Could you copy the records below exactly, leaving out any pictures?

___

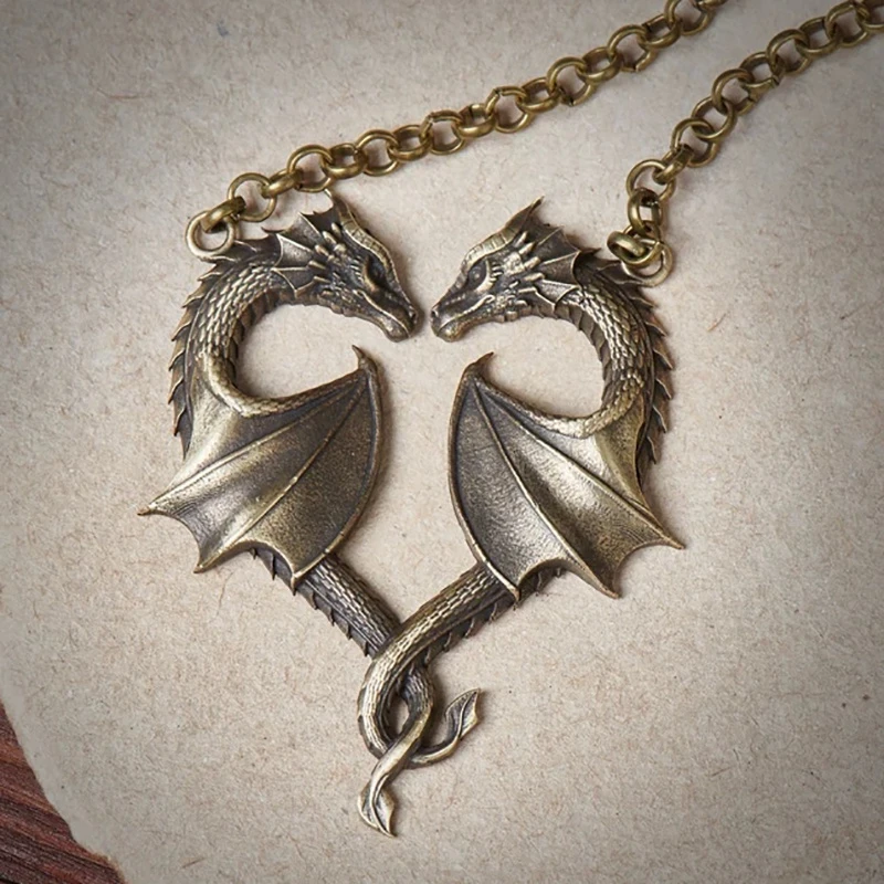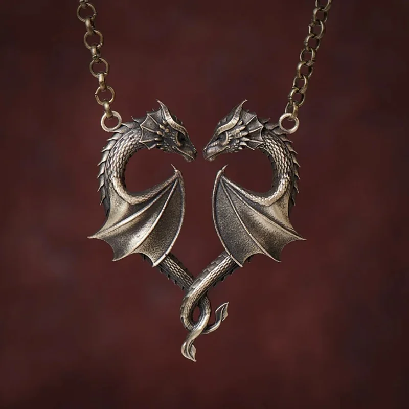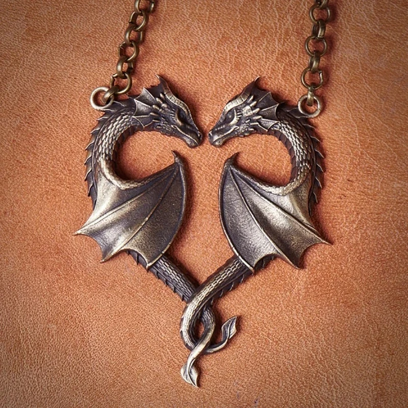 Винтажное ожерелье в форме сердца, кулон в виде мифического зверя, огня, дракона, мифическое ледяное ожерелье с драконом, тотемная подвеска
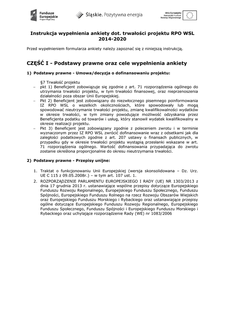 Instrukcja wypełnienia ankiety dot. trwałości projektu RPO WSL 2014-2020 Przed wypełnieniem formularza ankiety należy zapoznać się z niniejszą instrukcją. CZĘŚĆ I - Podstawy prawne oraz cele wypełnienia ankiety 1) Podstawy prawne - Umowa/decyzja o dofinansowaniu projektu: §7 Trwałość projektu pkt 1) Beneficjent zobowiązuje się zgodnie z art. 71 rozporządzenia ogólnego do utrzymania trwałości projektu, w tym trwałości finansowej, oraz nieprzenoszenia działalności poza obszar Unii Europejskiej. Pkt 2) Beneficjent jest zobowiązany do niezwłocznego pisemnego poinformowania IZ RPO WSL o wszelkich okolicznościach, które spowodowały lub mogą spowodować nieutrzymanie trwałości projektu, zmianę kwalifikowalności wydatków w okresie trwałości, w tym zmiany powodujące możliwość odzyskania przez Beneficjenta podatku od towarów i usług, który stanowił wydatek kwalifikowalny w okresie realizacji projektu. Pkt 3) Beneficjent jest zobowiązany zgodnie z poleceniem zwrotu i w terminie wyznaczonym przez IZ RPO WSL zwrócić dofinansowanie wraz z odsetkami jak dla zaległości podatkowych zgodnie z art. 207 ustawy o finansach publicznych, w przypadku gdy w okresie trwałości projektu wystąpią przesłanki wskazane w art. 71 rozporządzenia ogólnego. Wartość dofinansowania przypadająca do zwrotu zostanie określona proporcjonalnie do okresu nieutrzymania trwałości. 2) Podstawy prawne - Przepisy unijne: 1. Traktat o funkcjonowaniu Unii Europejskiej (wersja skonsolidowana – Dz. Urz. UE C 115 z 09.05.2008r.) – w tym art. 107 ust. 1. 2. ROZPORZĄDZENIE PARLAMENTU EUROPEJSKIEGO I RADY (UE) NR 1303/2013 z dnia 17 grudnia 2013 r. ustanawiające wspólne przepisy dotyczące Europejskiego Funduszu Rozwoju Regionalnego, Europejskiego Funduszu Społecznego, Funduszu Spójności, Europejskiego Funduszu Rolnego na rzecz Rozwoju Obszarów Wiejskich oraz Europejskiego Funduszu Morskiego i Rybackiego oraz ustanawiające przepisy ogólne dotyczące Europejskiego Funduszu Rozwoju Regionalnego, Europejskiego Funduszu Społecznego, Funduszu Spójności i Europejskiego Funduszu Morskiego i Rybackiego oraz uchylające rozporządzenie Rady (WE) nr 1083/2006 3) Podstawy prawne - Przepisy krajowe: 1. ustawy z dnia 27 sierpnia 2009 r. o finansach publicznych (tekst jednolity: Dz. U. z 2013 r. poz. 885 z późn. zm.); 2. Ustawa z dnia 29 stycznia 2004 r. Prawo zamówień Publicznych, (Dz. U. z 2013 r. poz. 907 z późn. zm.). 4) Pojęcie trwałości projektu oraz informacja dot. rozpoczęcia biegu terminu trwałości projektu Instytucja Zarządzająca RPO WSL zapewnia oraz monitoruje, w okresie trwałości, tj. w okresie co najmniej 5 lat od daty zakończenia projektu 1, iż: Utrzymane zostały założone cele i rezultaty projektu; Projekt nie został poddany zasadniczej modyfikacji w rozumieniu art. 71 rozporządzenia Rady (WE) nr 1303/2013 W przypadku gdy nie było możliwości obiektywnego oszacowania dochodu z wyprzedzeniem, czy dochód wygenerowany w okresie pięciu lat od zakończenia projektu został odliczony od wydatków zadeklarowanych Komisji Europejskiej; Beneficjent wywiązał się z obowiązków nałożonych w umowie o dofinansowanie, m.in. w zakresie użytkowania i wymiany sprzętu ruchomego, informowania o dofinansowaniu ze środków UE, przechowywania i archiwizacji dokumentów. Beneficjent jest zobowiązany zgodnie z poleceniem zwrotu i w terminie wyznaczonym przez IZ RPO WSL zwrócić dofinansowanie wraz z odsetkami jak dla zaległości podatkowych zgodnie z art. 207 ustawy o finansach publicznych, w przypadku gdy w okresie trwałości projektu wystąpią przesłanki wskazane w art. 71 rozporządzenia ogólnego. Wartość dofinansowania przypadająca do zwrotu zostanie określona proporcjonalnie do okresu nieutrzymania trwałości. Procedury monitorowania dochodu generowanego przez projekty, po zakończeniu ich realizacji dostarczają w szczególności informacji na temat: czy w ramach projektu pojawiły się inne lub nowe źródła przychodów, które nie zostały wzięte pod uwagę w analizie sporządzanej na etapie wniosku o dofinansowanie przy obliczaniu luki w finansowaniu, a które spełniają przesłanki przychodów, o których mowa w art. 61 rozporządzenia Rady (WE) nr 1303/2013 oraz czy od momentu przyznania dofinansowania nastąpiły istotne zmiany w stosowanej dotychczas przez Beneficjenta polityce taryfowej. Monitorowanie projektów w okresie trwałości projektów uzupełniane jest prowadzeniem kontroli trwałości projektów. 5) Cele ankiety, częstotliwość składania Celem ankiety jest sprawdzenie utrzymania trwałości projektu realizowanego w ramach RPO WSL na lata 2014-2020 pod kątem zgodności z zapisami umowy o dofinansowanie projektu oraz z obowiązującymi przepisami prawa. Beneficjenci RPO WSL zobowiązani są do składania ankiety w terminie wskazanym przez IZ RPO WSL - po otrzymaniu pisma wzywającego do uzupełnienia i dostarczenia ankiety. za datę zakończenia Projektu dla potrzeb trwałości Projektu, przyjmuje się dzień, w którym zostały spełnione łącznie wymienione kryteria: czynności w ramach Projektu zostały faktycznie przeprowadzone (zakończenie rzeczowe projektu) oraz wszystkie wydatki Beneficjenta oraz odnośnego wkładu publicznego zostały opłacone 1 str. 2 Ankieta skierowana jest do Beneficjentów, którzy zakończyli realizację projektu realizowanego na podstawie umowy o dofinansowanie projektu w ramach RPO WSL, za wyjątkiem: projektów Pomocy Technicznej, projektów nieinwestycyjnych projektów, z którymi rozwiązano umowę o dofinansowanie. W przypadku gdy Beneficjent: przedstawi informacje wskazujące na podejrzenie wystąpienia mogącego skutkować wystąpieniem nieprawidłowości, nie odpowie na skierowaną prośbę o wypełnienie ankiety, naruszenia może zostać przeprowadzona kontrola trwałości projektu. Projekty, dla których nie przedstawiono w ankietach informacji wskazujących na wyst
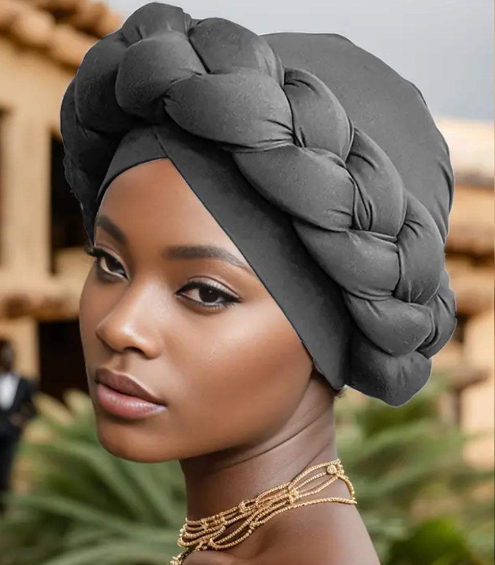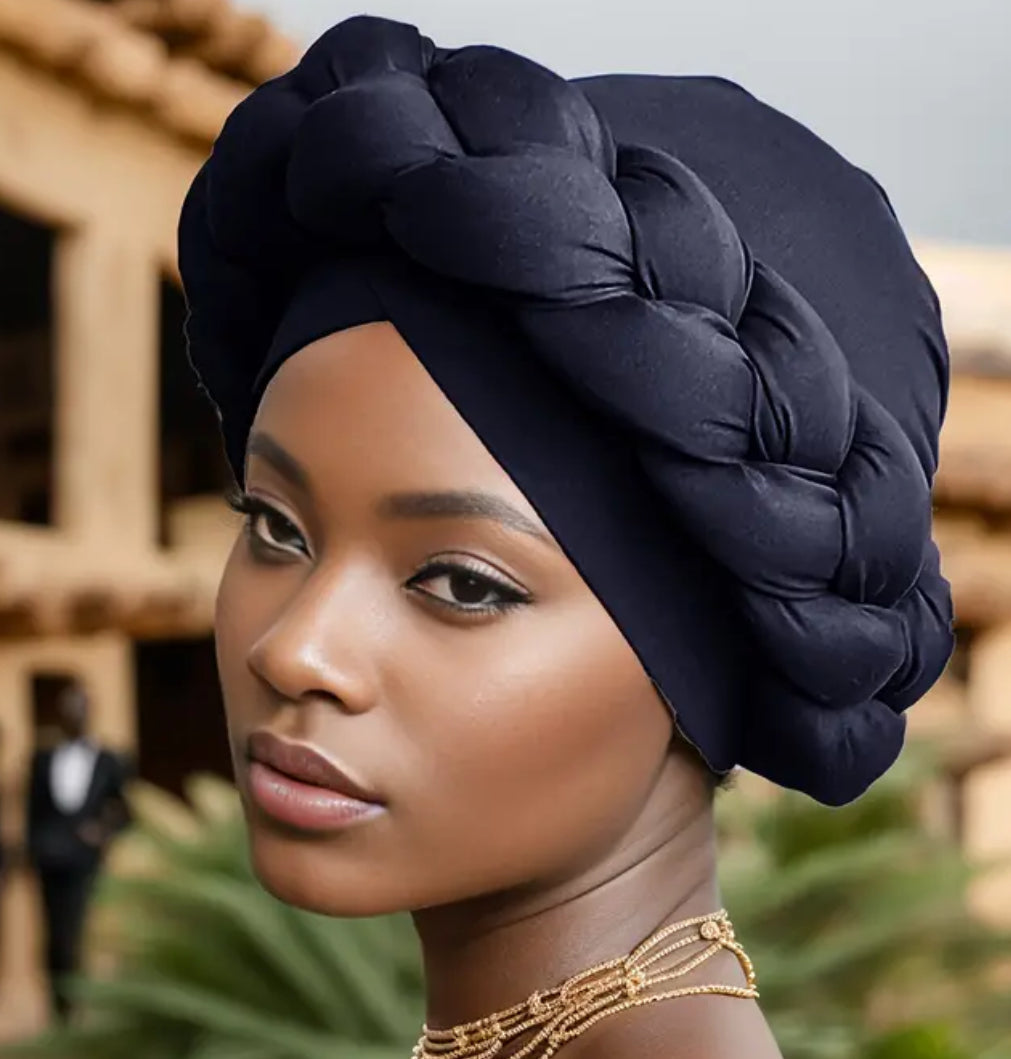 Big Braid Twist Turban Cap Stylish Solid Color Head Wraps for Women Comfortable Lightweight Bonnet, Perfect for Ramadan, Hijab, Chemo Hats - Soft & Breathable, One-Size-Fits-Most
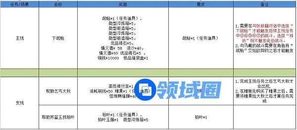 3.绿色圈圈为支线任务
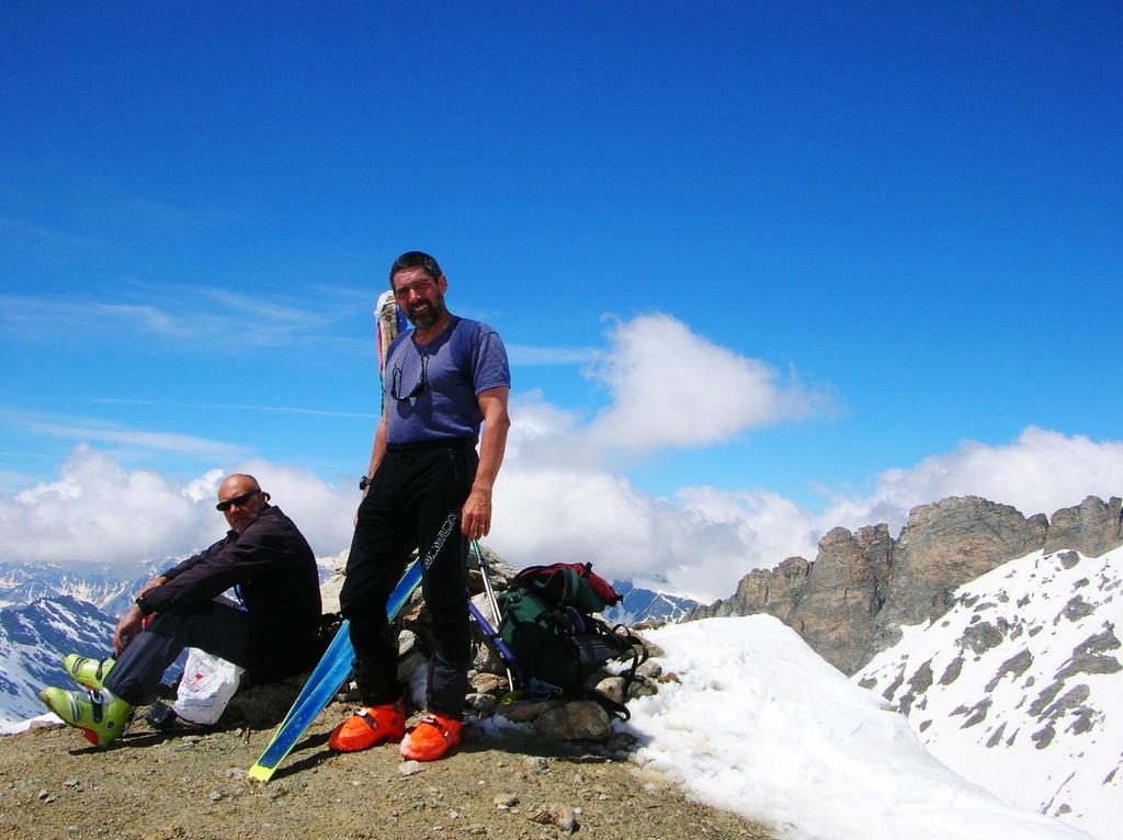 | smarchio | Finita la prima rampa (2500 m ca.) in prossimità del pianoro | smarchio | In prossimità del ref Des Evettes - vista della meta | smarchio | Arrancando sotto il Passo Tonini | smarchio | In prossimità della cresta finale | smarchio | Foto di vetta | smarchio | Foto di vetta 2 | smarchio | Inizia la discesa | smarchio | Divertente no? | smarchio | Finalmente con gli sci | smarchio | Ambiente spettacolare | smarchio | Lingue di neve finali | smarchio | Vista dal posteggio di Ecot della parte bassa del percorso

___

**FINISHED TASK**.
 Винтажное ожерелье в форме сердца, кулон в виде мифического зверя, огня, дракона, мифическое ледяное ожерелье с драконом, тотемная подвеска
 Instrukcja wypełnienia ankiety dot. trwałości projektu RPO WSL 2014-2020 Przed wypełnieniem formularza ankiety należy zapoznać się z niniejszą instrukcją. CZĘŚĆ I - Podstawy prawne oraz cele wypełnienia ankiety 1) Podstawy prawne - Umowa/decyzja o dofinansowaniu projektu: §7 Trwałość projektu pkt 1) Beneficjent zobowiązuje się zgodnie z art. 71 rozporządzenia ogólnego do utrzymania trwałości projektu, w tym trwałości finansowej, oraz nieprzenoszenia działalności poza obszar Unii Europejskiej. Pkt 2) Beneficjent jest zobowiązany do niezwłocznego pisemnego poinformowania IZ RPO WSL o wszelkich okolicznościach, które spowodowały lub mogą spowodować nieutrzymanie trwałości projektu, zmianę kwalifikowalności wydatków w okresie trwałości, w tym zmiany powodujące możliwość odzyskania przez Beneficjenta podatku od towarów i usług, który stanowił wydatek kwalifikowalny w okresie realizacji projektu. Pkt 3) Beneficjent jest zobowiązany zgodnie z poleceniem zwrotu i w terminie wyznaczonym przez IZ RPO WSL zwrócić dofinansowanie wraz z odsetkami jak dla zaległości podatkowych zgodnie z art. 207 ustawy o finansach publicznych, w przypadku gdy w okresie trwałości projektu wystąpią przesłanki wskazane w art. 71 rozporządzenia ogólnego. Wartość dofinansowania przypadająca do zwrotu zostanie określona proporcjonalnie do okresu nieutrzymania trwałości. 2) Podstawy prawne - Przepisy unijne: 1. Traktat o funkcjonowaniu Unii Europejskiej (wersja skonsolidowana – Dz. Urz. UE C 115 z 09.05.2008r.) – w tym art. 107 ust. 1. 2. ROZPORZĄDZENIE PARLAMENTU EUROPEJSKIEGO I RADY (UE) NR 1303/2013 z dnia 17 grudnia 2013 r. ustanawiające wspólne przepisy dotyczące Europejskiego Funduszu Rozwoju Regionalnego, Europejskiego Funduszu Społecznego, Funduszu Spójności, Europejskiego Funduszu Rolnego na rzecz Rozwoju Obszarów Wiejskich oraz Europejskiego Funduszu Morskiego i Rybackiego oraz ustanawiające przepisy ogólne dotyczące Europejskiego Funduszu Rozwoju Regionalnego, Europejskiego Funduszu Społecznego, Funduszu Spójności i Europejskiego Funduszu Morskiego i Rybackiego oraz uchylające rozporządzenie Rady (WE) nr 1083/2006 3) Podstawy prawne - Przepisy krajowe: 1. ustawy z dnia 27 sierpnia 2009 r. o finansach publicznych (tekst jednolity: Dz. U. z 2013 r. poz. 885 z późn. zm.); 2. Ustawa z dnia 29 stycznia 2004 r. Prawo zamówień Publicznych, (Dz. U. z 2013 r. poz. 907 z późn. zm.). 4) Pojęcie trwałości projektu oraz informacja dot. rozpoczęcia biegu terminu trwałości projektu Instytucja Zarządzająca RPO WSL zapewnia oraz monitoruje, w okresie trwałości, tj. w okresie co najmniej 5 lat od daty zakończenia projektu 1, iż: Utrzymane zostały założone cele i rezultaty projektu; Projekt nie został poddany zasadniczej modyfikacji w rozumieniu art. 71 rozporządzenia Rady (WE) nr 1303/2013 W przypadku gdy nie było możliwości obiektywnego oszacowania dochodu z wyprzedzeniem, czy dochód wygenerowany w okresie pięciu lat od zakończenia projektu został odliczony od wydatków zadeklarowanych Komisji Europejskiej; Beneficjent wywiązał się z obowiązków nałożonych w umowie o dofinansowanie, m.in. w zakresie użytkowania i wymiany sprzętu ruchomego, informowania o dofinansowaniu ze środków UE, przechowywania i archiwizacji dokumentów. Beneficjent jest zobowiązany zgodnie z poleceniem zwrotu i w terminie wyznaczonym przez IZ RPO WSL zwrócić dofinansowanie wraz z odsetkami jak dla zaległości podatkowych zgodnie z art. 207 ustawy o finansach publicznych, w przypadku gdy w okresie trwałości projektu wystąpią przesłanki wskazane w art. 71 rozporządzenia ogólnego. Wartość dofinansowania przypadająca do zwrotu zostanie określona proporcjonalnie do okresu nieutrzymania trwałości. Procedury monitorowania dochodu generowanego przez projekty, po zakończeniu ich realizacji dostarczają w szczególności informacji na temat: czy w ramach projektu pojawiły się inne lub nowe źródła przychodów, które nie zostały wzięte pod uwagę w analizie sporządzanej na etapie wniosku o dofinansowanie przy obliczaniu luki w finansowaniu, a które spełniają przesłanki przychodów, o których mowa w art. 61 rozporządzenia Rady (WE) nr 1303/2013 oraz czy od momentu przyznania dofinansowania nastąpiły istotne zmiany w stosowanej dotychczas przez Beneficjenta polityce taryfowej. Monitorowanie projektów w okresie trwałości projektów uzupełniane jest prowadzeniem kontroli trwałości projektów. 5) Cele ankiety, częstotliwość składania Celem ankiety jest sprawdzenie utrzymania trwałości projektu realizowanego w ramach RPO WSL na lata 2014-2020 pod kątem zgodności z zapisami umowy o dofinansowanie projektu oraz z obowiązującymi przepisami prawa. Beneficjenci RPO WSL zobowiązani są do składania ankiety w terminie wskazanym przez IZ RPO WSL - po otrzymaniu pisma wzywającego do uzupełnienia i dostarczenia ankiety. za datę zakończenia Projektu dla potrzeb trwałości Projektu, przyjmuje się dzień, w którym zostały spełnione łącznie wymienione kryteria: czynności w ramach Projektu zostały faktycznie przeprowadzone (zakończenie rzeczowe projektu) oraz wszystkie wydatki Beneficjenta oraz odnośnego wkładu publicznego zostały opłacone 1 str. 2 Ankieta skierowana jest do Beneficjentów, którzy zakończyli realizację projektu realizowanego na podstawie umowy o dofinansowanie projektu w ramach RPO WSL, za wyjątkiem: projektów Pomocy Technicznej, projektów nieinwestycyjnych projektów, z którymi rozwiązano umowę o dofinansowanie. W przypadku gdy Beneficjent: przedstawi informacje wskazujące na podejrzenie wystąpienia mogącego skutkować wystąpieniem nieprawidłowości, nie odpowie na skierowaną prośbę o wypełnienie ankiety, naruszenia może zostać przeprowadzona kontrola trwałości projektu. Projekty, dla których nie przedstawiono w ankietach informacji wskazujących na wyst
 Big Braid Twist Turban Cap Stylish Solid Color Head Wraps for Women Comfortable Lightweight Bonnet, Perfect for Ramadan, Hijab, Chemo Hats - Soft & Breathable, One-Size-Fits-Most
 3.绿色圈圈为支线任务
 | smarchio | Finita la prima rampa (2500 m ca.) in prossimità del pianoro | smarchio | In prossimità del ref Des Evettes - vista della meta | smarchio | Arrancando sotto il Passo Tonini | smarchio | In prossimità della cresta finale | smarchio | Foto di vetta | smarchio | Foto di vetta 2 | smarchio | Inizia la discesa | smarchio | Divertente no? | smarchio | Finalmente con gli sci | smarchio | Ambiente spettacolare | smarchio | Lingue di neve finali | smarchio | Vista dal posteggio di Ecot della parte bassa del percorso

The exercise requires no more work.